Dittmar is a certified mediator for general and district courts and is also a principal in Positive Solutions Group, a firm that specializes in strategic planning.
Dittmar served as the president of the Charlottesville Regional Chamber of Commerce from 1992 until 2000.
Garrett is currently serving his second term as a state senator and was the Commonwealth’s Attorney for Louisa prior to that. Garrett is also a U.S. Army veteran.
Libertarian candidate Stephen Harmon and independent candidate Yale Landsberg were both invited to the forum but only Garrett and Dittmar confirmed their participation in the forum, according to a news release from the Senior Statesmen of Virginia.

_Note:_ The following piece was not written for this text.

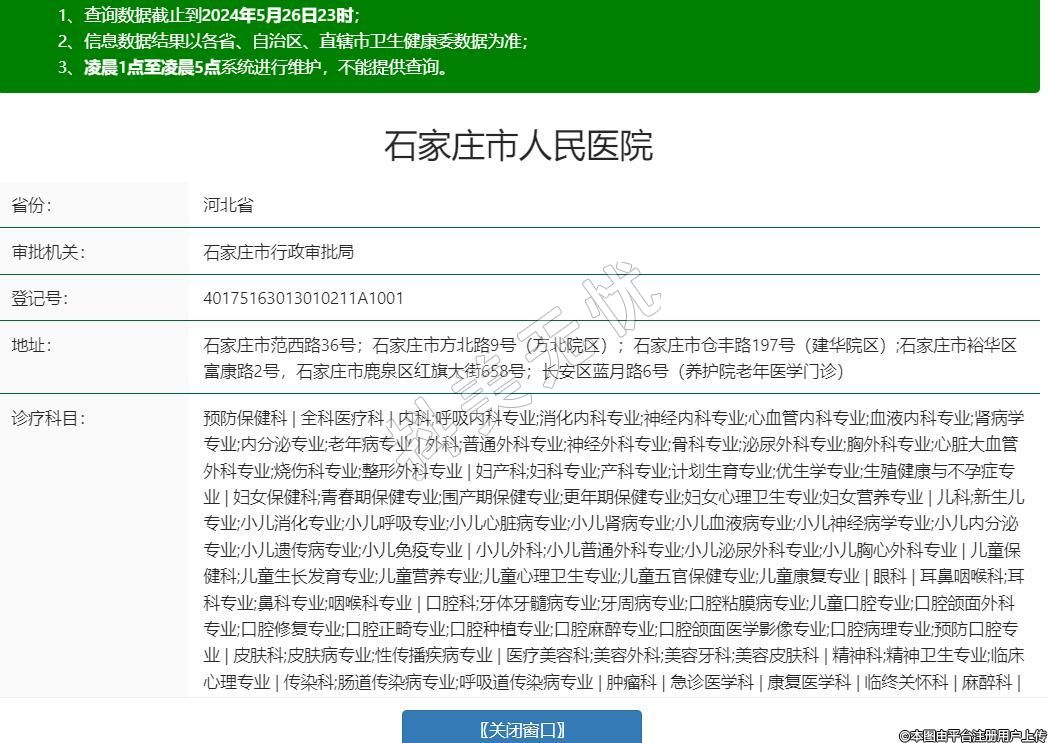 石家莊市范西路36號;石家莊市方北路9號(方北院區(qū));石家莊市倉豐路197號(建華院區(qū));石家莊市裕華區(qū)富康路2號,石家莊市鹿泉區(qū)紅旗大街658號;長安區(qū)藍(lán)月路6號(養(yǎng)護(hù)院老年醫(yī)學(xué)門診)

Wednesday’s forum was the first of a few debates currently scheduled between the two candidates.
The next is set to take place at the Appomattox Inn & Suites on Sept. 26. The debate is hosted by the Lynchburg Regional Business Alliance and Appomattox Chamber of Commerce and will focus on economic development issues.
The next two are scheduled to take place in the Charlottesville area.
Dittmar and Garrett will debate at UVa’s Frank Batten School of Leadership and Public Policy at 6 p.m. Sept. 28. The other scheduled debate is set to take place at Piedmont Virginia Community College on Oct. 10.